* **Data section**
★ ★ ★ ★
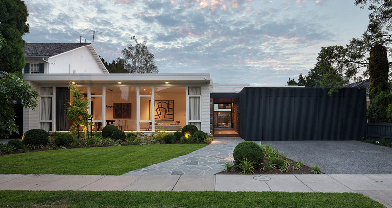 La fachada moderna de mediados de siglo oscurece la sorprendente remodelación contemporánea de esta casa
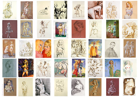 JOHN CURRIN Works on Paper A Fifteen Year Survey of Women June 19 - August 21, 2009 Main Gallery With a checklist of 77 works from over 50 individual and institutional lenders, Andrea Rosen Gallery is delighted to present the most comprehensive exhibition of John Currin�s works on paper to date, giving the viewer an opportunity to experience his mastery of an extraordinary breadth of style and technique. Carefully selected from every work on paper in Currin�s oeuvre, this exhibition is both an extensive overview of the artist�s complex use of the genre as well as an in-depth study of the artist�s engagement with the female body as subject, object, and formal foil within his practice. While the exhibition represents every period of Currin�s works on paper, it is by narrowing the focus to what clearly emerges as his principle subject that we hope to unveil how the artist�s depiction of women throughout his work is a strategy he employs to blur and even confuse subject matter and form. As the most traditional of subjects, one would anticipate that the female body would become the most banal of images; however, it remains continually distracting in its physicality, compelling as the perfect metaphor, and hauntingly mysterious in its assumed knowability. Currin is interested in how a viewer�s attention can be consumed by subject matter. Like his paintings, it is often assumed that the strong visceral response to Currin�s works on paper is triggered by the imagery, however, Currin and his work strongly argue that even more than images it is the powerful influence of form and style and technique that generates an emotional viewing experience. As we have become more obsessed with receiving information through images, we have become less aware of our visceral response to form. This exhibition is not only a survey of women, depicted over 15 years by Currin, but also an opportunity to survey the emotional and psychological landscape mapped out in the vagaries of line and material, of composition and structure. What is so rich and important about Currin�s works on paper is that they are significant both as an autonomous body of work as well as essential and critical to the invention of the paintings and the development of ideas. We purposefully chose the period between 1992 and 2003 because it represents the most active part of Currin�s drawing practice. It is not by chance that after 2003 Currin only released three works on paper; since around 2001 he began to utilize digital imaging tools as a way of developing non-art source material. Until then, along with references from magazines, works on paper were always the first step in developing bodies of work and the artist�s means for exploring new directions in content, imagery, and form. These creative phases yielded not only new ideas but also complex and thorough bodies of works on paper. While the use and methodology of the process of drawing has an even broader use in the studio, every work on paper released into the world (and therefore every example in this exhibition) is intended as a work of art. When Currin decided to make a drawing versus a sketch there was always a dual consciousness of working process and formal resolution. An interesting illustration of this is the entry in Currin�s most recent monograph, published by Rizzoli, of one of his most famous paintings, �Heartless,�1997. Next to the painting, the artist included two images: one a non-work, a sketch from 2002 depicting a figure with a hole through her head and the other, �Untitled,� 1997, a delicately rendered and fully resolved sepia ink drawing which Currin considers an independent artwork. It is also interesting to note that this drawing is one of only around seven in the exhibition that could be considered an actual study for a painting. Since, as the exhibition reveals, while they are certainly recognizable as Currin in every way and relate to the paintings, the works on paper retain their own significa nt territory and are very rarely direct prototypes. Much more so than his paintings, Currin�s works on paper are often vehicles for purposeful extremes, from the most beautiful line to the rawest. As well as experiencing the works, the exhibition allows viewers to become privy to the timeline of ideas and what Currin chose to pursue in his paintings. It is interesting to see which subject matters and formal techniques are prevalent over time. One powerful example to think about is the large balloon-breast paintings like �Jaunty & Mame,� 1997 or �The Bra Shop,�1997 of which, while extremely central to Currin�s work, there are only five paintings that fall into this category; yet, this exhibition shows that he started making drawings in this vein as early as 1987 and have remained prevalent in his drawing practice until 1998, existing in almost every medium: charcoal, ink, pencil, gouache, watercolor, and sepia toned ink. Another example of an equally prevalent figure in the works on paper is what could be referred to as the hobo. While there are only two hobo paintings in Currin�s oeuvre, �The Hobo,� 1999 and �Sno-bo,�1999 , this show includes a dozen variations on paper from the highly refined to the purposefully deformed. The rawness of the works on paper unveils some of the more aggressively grotesque elements (sharp elbows, distended bellies, sagging breasts) in the exquisitely rendered paintings. Walking around the room, each of the 17 groupings adds another piece to a deeper understanding, each with its own function. Some explore the use of a single stylistic strategy. For instance, one group of nine works representing a four year period between 1998 and 2001 that while quite varied in both subject and form, show a technical use of transparency and cross-hatching that both embellishes and distorts. There are a number of instances where one group helps inform another, in this case, the distortion of the image creates
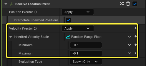 이벤트 핸들러 모듈 옆에 있는 더하기 모양의 아이콘을 클릭하고 드롭다운 메뉴에서 위치 이벤트 수신(Receive Location Event) 을 선택합니다. 위치 이벤트 수신 세팅이 디테일 패널에서 자동으로 열립니다. 속도(벡터2)(Velocity(Vector2)) 필드의 드롭다운 메뉴에서 적용(Apply) 을 선택합니다. 이것은 헤드 빈 이미터의 위치를 따릅니다. 상속된 속도 스케일(Inherited VelocityScale) 옆에 있는 아래쪽 화살표를 클릭하고 드롭다운 메뉴에서 랜덤 범위 플로트(Random Range Float) 를 선택합니다. 최소(Minimum) 값을 -0.5 로 설정합니다. 최대(Maximum) 값을 -0.1 로 설정합니다. 음수 값은 폭죽을 반대 방향으로 확장합니다.
★ ★ ★ ★
* **Task item**
Except for the pictures, give all the material above again verbatim.

* **Solution to the exercise**
 La fachada moderna de mediados de siglo oscurece la sorprendente remodelación contemporánea de esta casa
 JOHN CURRIN Works on Paper A Fifteen Year Survey of Women June 19 - August 21, 2009 Main Gallery With a checklist of 77 works from over 50 individual and institutional lenders, Andrea Rosen Gallery is delighted to present the most comprehensive exhibition of John Currin�s works on paper to date, giving the viewer an opportunity to experience his mastery of an extraordinary breadth of style and technique. Carefully selected from every work on paper in Currin�s oeuvre, this exhibition is both an extensive overview of the artist�s complex use of the genre as well as an in-depth study of the artist�s engagement with the female body as subject, object, and formal foil within his practice. While the exhibition represents every period of Currin�s works on paper, it is by narrowing the focus to what clearly emerges as his principle subject that we hope to unveil how the artist�s depiction of women throughout his work is a strategy he employs to blur and even confuse subject matter and form. As the most traditional of subjects, one would anticipate that the female body would become the most banal of images; however, it remains continually distracting in its physicality, compelling as the perfect metaphor, and hauntingly mysterious in its assumed knowability. Currin is interested in how a viewer�s attention can be consumed by subject matter. Like his paintings, it is often assumed that the strong visceral response to Currin�s works on paper is triggered by the imagery, however, Currin and his work strongly argue that even more than images it is the powerful influence of form and style and technique that generates an emotional viewing experience. As we have become more obsessed with receiving information through images, we have become less aware of our visceral response to form. This exhibition is not only a survey of women, depicted over 15 years by Currin, but also an opportunity to survey the emotional and psychological landscape mapped out in the vagaries of line and material, of composition and structure. What is so rich and important about Currin�s works on paper is that they are significant both as an autonomous body of work as well as essential and critical to the invention of the paintings and the development of ideas. We purposefully chose the period between 1992 and 2003 because it represents the most active part of Currin�s drawing practice. It is not by chance that after 2003 Currin only released three works on paper; since around 2001 he began to utilize digital imaging tools as a way of developing non-art source material. Until then, along with references from magazines, works on paper were always the first step in developing bodies of work and the artist�s means for exploring new directions in content, imagery, and form. These creative phases yielded not only new ideas but also complex and thorough bodies of works on paper. While the use and methodology of the process of drawing has an even broader use in the studio, every work on paper released into the world (and therefore every example in this exhibition) is intended as a work of art. When Currin decided to make a drawing versus a sketch there was always a dual consciousness of working process and formal resolution. An interesting illustration of this is the entry in Currin�s most recent monograph, published by Rizzoli, of one of his most famous paintings, �Heartless,�1997. Next to the painting, the artist included two images: one a non-work, a sketch from 2002 depicting a figure with a hole through her head and the other, �Untitled,� 1997, a delicately rendered and fully resolved sepia ink drawing which Currin considers an independent artwork. It is also interesting to note that this drawing is one of only around seven in the exhibition that could be considered an actual study for a painting. Since, as the exhibition reveals, while they are certainly recognizable as Currin in every way and relate to the paintings, the works on paper retain their own significa nt territory and are very rarely direct prototypes. Much more so than his paintings, Currin�s works on paper are often vehicles for purposeful extremes, from the most beautiful line to the rawest. As well as experiencing the works, the exhibition allows viewers to become privy to the timeline of ideas and what Currin chose to pursue in his paintings. It is interesting to see which subject matters and formal techniques are prevalent over time. One powerful example to think about is the large balloon-breast paintings like �Jaunty & Mame,� 1997 or �The Bra Shop,�1997 of which, while extremely central to Currin�s work, there are only five paintings that fall into this category; yet, this exhibition shows that he started making drawings in this vein as early as 1987 and have remained prevalent in his drawing practice until 1998, existing in almost every medium: charcoal, ink, pencil, gouache, watercolor, and sepia toned ink. Another example of an equally prevalent figure in the works on paper is what could be referred to as the hobo. While there are only two hobo paintings in Currin�s oeuvre, �The Hobo,� 1999 and �Sno-bo,�1999 , this show includes a dozen variations on paper from the highly refined to the purposefully deformed. The rawness of the works on paper unveils some of the more aggressively grotesque elements (sharp elbows, distended bellies, sagging breasts) in the exquisitely rendered paintings. Walking around the room, each of the 17 groupings adds another piece to a deeper understanding, each with its own function. Some explore the use of a single stylistic strategy. For instance, one group of nine works representing a four year period between 1998 and 2001 that while quite varied in both subject and form, show a technical use of transparency and cross-hatching that both embellishes and distorts. There are a number of instances where one group helps inform another, in this case, the distortion of the image creates
 이벤트 핸들러 모듈 옆에 있는 더하기 모양의 아이콘을 클릭하고 드롭다운 메뉴에서 위치 이벤트 수신(Receive Location Event) 을 선택합니다. 위치 이벤트 수신 세팅이 디테일 패널에서 자동으로 열립니다. 속도(벡터2)(Velocity(Vector2)) 필드의 드롭다운 메뉴에서 적용(Apply) 을 선택합니다. 이것은 헤드 빈 이미터의 위치를 따릅니다. 상속된 속도 스케일(Inherited VelocityScale) 옆에 있는 아래쪽 화살표를 클릭하고 드롭다운 메뉴에서 랜덤 범위 플로트(Random Range Float) 를 선택합니다. 최소(Minimum) 값을 -0.5 로 설정합니다. 최대(Maximum) 값을 -0.1 로 설정합니다. 음수 값은 폭죽을 반대 방향으로 확장합니다.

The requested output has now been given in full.